Flexible code generation for Swagger projects, targets ES6+.

Downloads

325

Readme

gulp-swagger-codegen

Fast, flexible code generation for Node.js + Swagger projects

Travis-CI Build Prod Dependencies Dev Dependencies Code Coverage npm version

Stats Downloads

This gulp module generates code from Swagger API definitions and is intended to be used to simplify implementation of API servers/clients by providing generated code for the request/response objects, and also some templates to simplify use of the swagger-tools package.
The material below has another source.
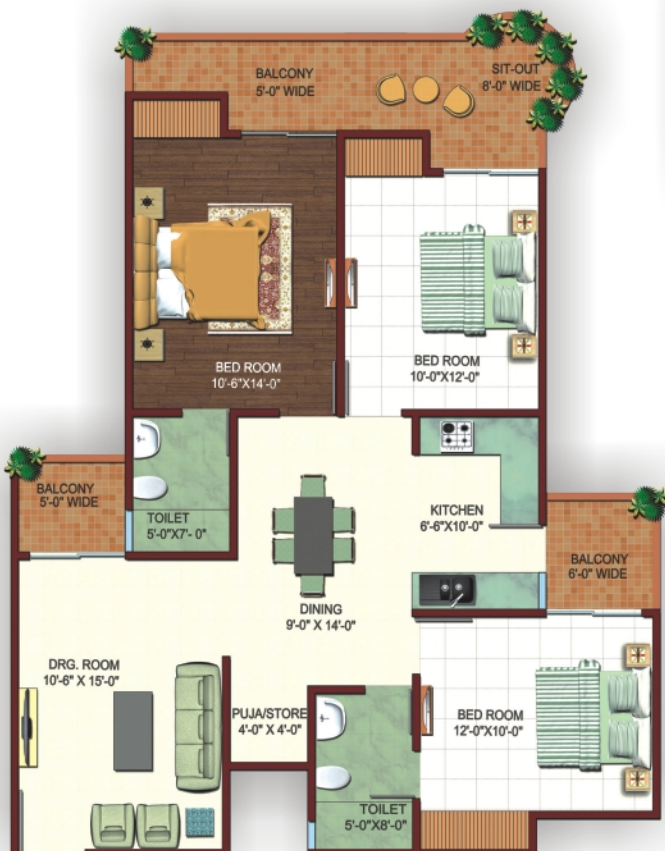
TYPE-3 3 BHK + 2 Toilet + Puja/ Store Super Area – 1475 sq. ft. Built-up Area – 1150 sq. ft. In Tower E/ F/ I

This package uses ES6, and thus is only available for Node.js 4.x+ or suitable Io.js versions. If in doubt, please review our .travis.yml file to determine if we are currently testing for your particular version of Node.

Installation

To install this plugin:

npm install --save-dev gulp-swagger-codegen

Debugging and Troubleshooting

If the plugin fails, a console error message should indicate the nature of the problem. Typically most errors are templating syntax related. If you are having trouble and not sure where to look, you can validate the logical behaviour of the plugin by setting:

(On windows)
SET DEBUG=gulp-swagger-codegen

(On OS/X and Linux)
export DEBUG=gulp-swagger-codegen

This will cause the debug output to be produced for the plugin when it runs, giving you an insight into why it's doing certain things or not producing any output.

Example Usage

The following code snippet shows the module being used in a standard Gulp workflow, where we assume that the various templates below exist in your project(s):

gulp.task('default', () => {
  return gulp.src(['./path/to/your/swagger.yaml'])
    .pipe(task({
      helpers: {
        /* Assign handlebars helpers with this syntax.
        someName: yourHelperFunction
        someName will become the #someName helper in the files.
        */
      }
      perDefinition: {
        './templates/es6/definition.hbs': {
          target:     './definitions',
          extension:  '.js',
        },
      },
      perPath: {
        './templates/es6/swagger-tools-controller.hbs': {
          target: './controllers',
          groupBy: 'x-swagger-router-controller',
          extension: '.js',
          operations: ['get', 'put', 'post', 'delete'],
        },
      }
    }))
    .pipe(gulp.dest('./server/api/'))
});

You can dramatically simplify this by using a template-helper module, such as swagger-template-es6-server:

const templateSet = require('swagger-template-es6-server');
const codegen = require('gulp-swagger-codegen');

gulp.task('generate-code', () =>
  gulp.src(['./examples/waffle-maker/service-contract.yaml'])
    .pipe(codegen(templateSet({
      implementationPath: '../implementation',
    })))
    .pipe(gulp.dest('./examples/waffle-maker')));

For more information on this template set, see the official NPM package site.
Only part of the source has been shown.